Grundy Art Gallery has commissioned artist Brian Griffiths to respond to Blackpool’s famous Illuminations for their 100 years anniversary.
Exploring the idea and uses of light, Griffiths has created an exhibition that will be a unique presentation of a selection of actual or fragments of illuminations from the Blackpool Illuminations department and archive.
The exhibition showcases the diversity of lights and the breadth of imagination that takes the viewer effortlessly from ancient Greece to science fiction future, from human-sized teddy bears to gigantic Tiffany lamps.

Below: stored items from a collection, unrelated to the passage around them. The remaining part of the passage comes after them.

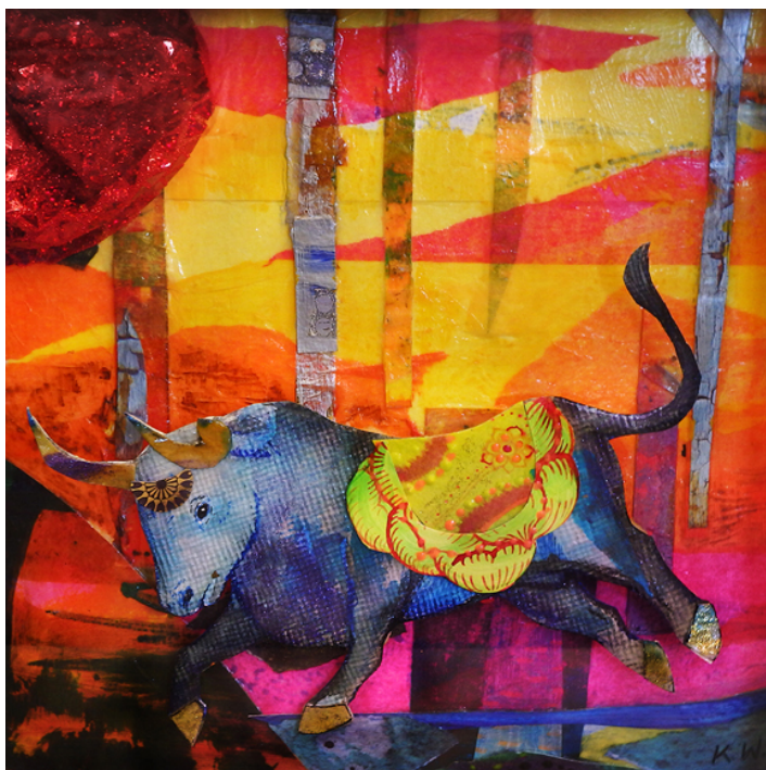
El Toro, 25x25cm, 2017, acrylic, drawing and mixed media in a shadowbox.
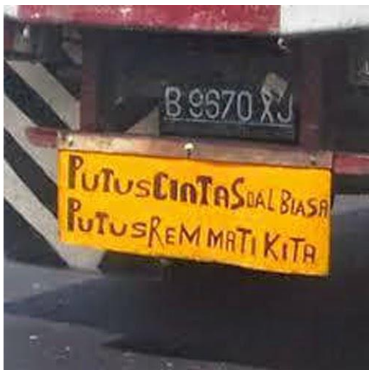
Gambar 9 Grafiti “Putus Cinta Soal Biasa, Putus Rem Mati Kita”

Sementara itu, Gambar 9 grafiti bak truk bertuliskan, “Putus Cinta Soal Biasa, Putus Rem Mati Kita”. Lewat grafiti itu, si sopir hendak menyampaikan pesan atau nasihat kepada para pembaca grafiti bahwa putus cinta itu soal biasa, tapi putus rem itu berbahaya bahkan bisa menyebabkan kematian bagi si sopir atau semua pengguna kendaraan. Penggunaan kata kita menunjukkan bahwa si sopir seolah-olah mengajak pembaca grafiti untuk menganggap putus cinta itu hal biasa, sedangkan putus rem itu hal berbahaya bagi dirinya sendiri dan orang lain yang juga sama-sama pengguna kendaraan di jalan raya.
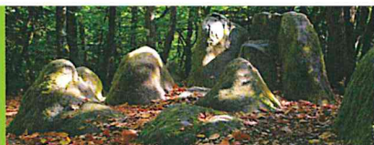
≡ Le Rocher Durand
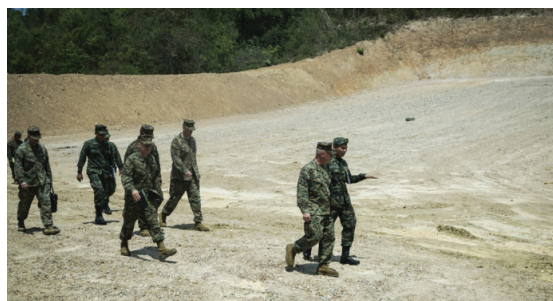
การตรวจภูมิประเทศเตรียมการประชุมวางแผนขั้นต้น จะดำเนินการก่อนหรือระหว่างการประชุม IPC

๑.๔ การตรวจภูมิประเทศเตรียมการประชุมวางแผนขั้นต้น (Initial Site Survey : ISS) ใช้เวลา ๖ วัน ห้วงสัปดาห์สุดท้ายของเดือนกรกฎาคม เพื่อให้เจ้าหน้าที่ฝ่ายไทยเดินทางตรวจภูมิประเทศเพื่อรวบรวมข้อมูลเตรียมการประชุมวางแผนขั้นต้น
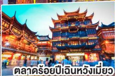
ตลาดร้อยปีเดินหวังเหมี่ยว
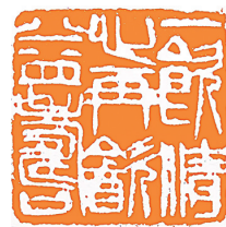
篆刻 一饮清心再饮益寿
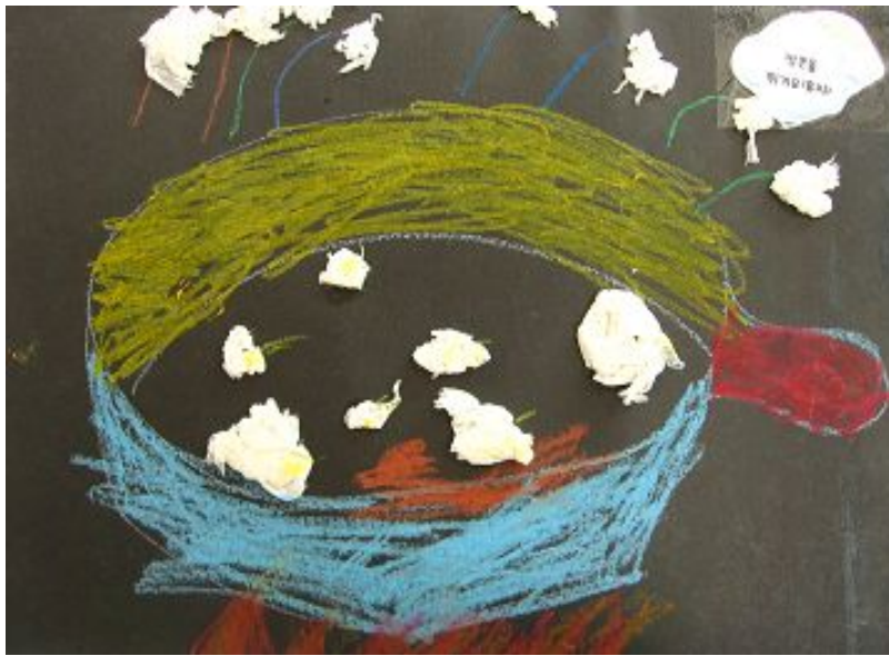
【그림 11】 휴지 풀라주 <고소한 팝콘>

휴지를 재료로 사용하여 활동하는 방법에는 여러 가지가 있다. 이번 작업에서는 휴지를 마구 구겨 팝콘과 비슷한 모양을 만들어 보는 작업이었다. 휴지가 팝콘모양이 된다는 것에 의아해 하던 유아들도 완성된 작품을 보며 친구들과 실제 팝콘을 나누어 먹는 것처럼 재미있는 상황을 연출하기도 하였다.

In today’s world it can be easy to forget that until about 250 years ago people lived half their lives in nearly unrelieved darkness. Then new transforming technologies arrived: oil lamps much brighter than any known before, gaslights and then electric lights.
Created in its near current form in 1912, Blackpool Illuminations, with its annual promenade of extravagant decoration, allows us to see light again, forcing us to look directly at it, as light itself becomes an extraordinary building material. The Blackpool Illuminations manipulate and orchestrate light to create a cultural specific lightscape: one of entertainment, of inclusion, of city identity, of excessive activity and ever-changing spectacle.
To move these classic Illuminations inside, away from the Northern wind-swept seascape and to exhibit them in a gallery encourages and allows a wider exploration and articulation of the idea of light. Using the material, scale, form, surface and the particular vernacular of making the illuminations, Griffiths has transformed and made distinctive places within the gallery’s own architectural space. Light is used to create an absurd and rich immersive environment for the viewer to experience and enjoy. Luminosity, colour, saturation, tint, movement, shadows and architectural lighting are employed and carefully orchestrated to articulate and frame our changing perception and experience of light.
Brian Griffiths
Brian Griffiths’s sculptural works, three dimensional collages and installations have qualities of overt theatricality and pathos. His work has been exhibited extensively in the UK and internationally, most recently at Tate Britain and on a UK wide tour in the British Art Show 7. He has had solo shows at Camden Arts Centre, Arnolfini, A Foundation, Vilma Gold, Galeria Luisa Strina and internationally has shown work at numerous museums including the Groninger Museum in the Netherlands, The Mattress Factory Museum in Pittsburgh, CAPC museum in Bordeaux, Mostra D’Arte Contemporanea in Milan and Belém Museum of Modern Art, Brazil. Brian Griffiths is represented by Vilma Gold, London’ Galeria Luisa Strina, São Paulo. And Grimm Gallery, Amsterdam. He is presently senior lecturer in Fine Art at the Royal Academy Schools, London.
The 2012 Blackpool Illuminations will begin on Friday 31 August and shine every day until Sunday 4 November.